Telstra has begun redirecting failed domain name lookups on its BigPond broadband network to a Telstra-branded search page which includes advertisements and pay-per-click links.
Telstra has already rolled out this system for BigPond broadband customers in Queensland with other states to follow by mid-December. Optus had adopted a similar strategy last month, much to the ire of some of its subscribers.
In an email sent to customers, Telstra emphasised the convenience of the new service.
"BigPond Broadband customers from today will experience less keyboard anguish with our new DNS redirection application. Typos can happen at any time. It's frustrating when you get an MS Internet Explorer Live Search page with suggestions from a mistyped URL. It's even more annoying when you get an unfriendly "404" page error message," the letter said.
"The BigPond-branded landing page provides BigPond customers with organic search results, sponsored links, display advertisements and intelligent recommendations, all derived from the invalid domain input - much more helpful and friendly than a nasty 404 page error."
BigPond cable customer Dave Baker, a Gold Coast-based web designer at BlueTeddy, noticed the changes yesterday.
"As a tech person it didn't really faze me - when I hit the wrong URL and saw a fat BigPond/Telstra logo my first thought was 'typical'," he said. "To their credit they haven't covered the first page with advertising like other ISPs have done - but as soon as you click one of the links on a page I'm sure somebody makes some money.
"This opens the door for hijacking and other issues, which are already present in any ISP, but made more possible by introducing third-party software to intercept DNS requests."
Telstra also allows users to opt out of the redirection service, he added.
Matt Moor, Senior Architect at hosting company Bulletproof Networks believes the redirection system is "unethical" and "contravenes the spirit of the DNS system".
"If you posted a letter at your local post office, but got the address wrong, would you expect the postal service to send you back a load of advertising, and no clear indication of what went wrong?

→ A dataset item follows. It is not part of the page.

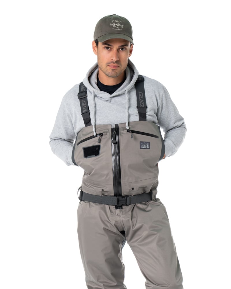 Scale™ PRO-membranteknologi Driva-vadarna är utrustade med vår Scale™ PRO membranteknologi och erbjuder utmärkt andningsförmåga och vattentäthet – med en vattenpelare på 20.000 mm och en andningsförmåga på 7.000 g/m²/24h. Vi använder bluesign®-godkända material och PFAS-fri DWR-behandling för att eliminera fluorkarboner som annars riskerar att läcka ut i vattnet. För extra komfort är vadarna försedda med den beprövade TiZip® MasterSeal-dragkedjan, vilket gör dem enkla att ta på och av. Vadarna har välsittande, justerbara och elastiskt hängslen, med ett nytt Duraflex®-fäste i ryggen. Midjebältet har en hård elasticitet som ger en tight bra passform, samt möjlighet att fästa tillbehör som vadarstavar eller tänger, samtidigt som det hålls på plats av de tre bältesöglorna i vadarna.

It is important for users to see an error message - not advertising - so that they can realise and correct their mistake.
"We host DNS records for all our major clients and would not even contemplate this sort of unethical and technically improper behaviour."
However, Brett Fenton, Chief Operating Officer at domain name and hosting company Netregistry, warns against hyperbolic claims that Telstra's change could break the domain name system. Because it only affects BigPond customers, it is not comparable to 'wildcard' redirects, which affect all domain name requests under a particular domain such as .com or .net, he said.
"People have this perception of DNS being a shared public resource - they don't like the fact that one company had the ability to abuse that to their own ends," he said. "But the ISP is providing users access to their DNS servers as a paid service and saying, 'If it's a failed lookup, we want to present you with more information'.
"The tech guys are always going to be pretty vocal about that, saying they're not following the rules. Any break in convention or standard protocols, the techies will jump up and down about it. They're generally the people who resist any change towards commercialisation of the internet.
"But for the Joe Average user, if a failed DNS resolution was giving them search results in Google, most people would see that as useful, not a negative thing."
Telstra BigPond did not respond to our request for comment.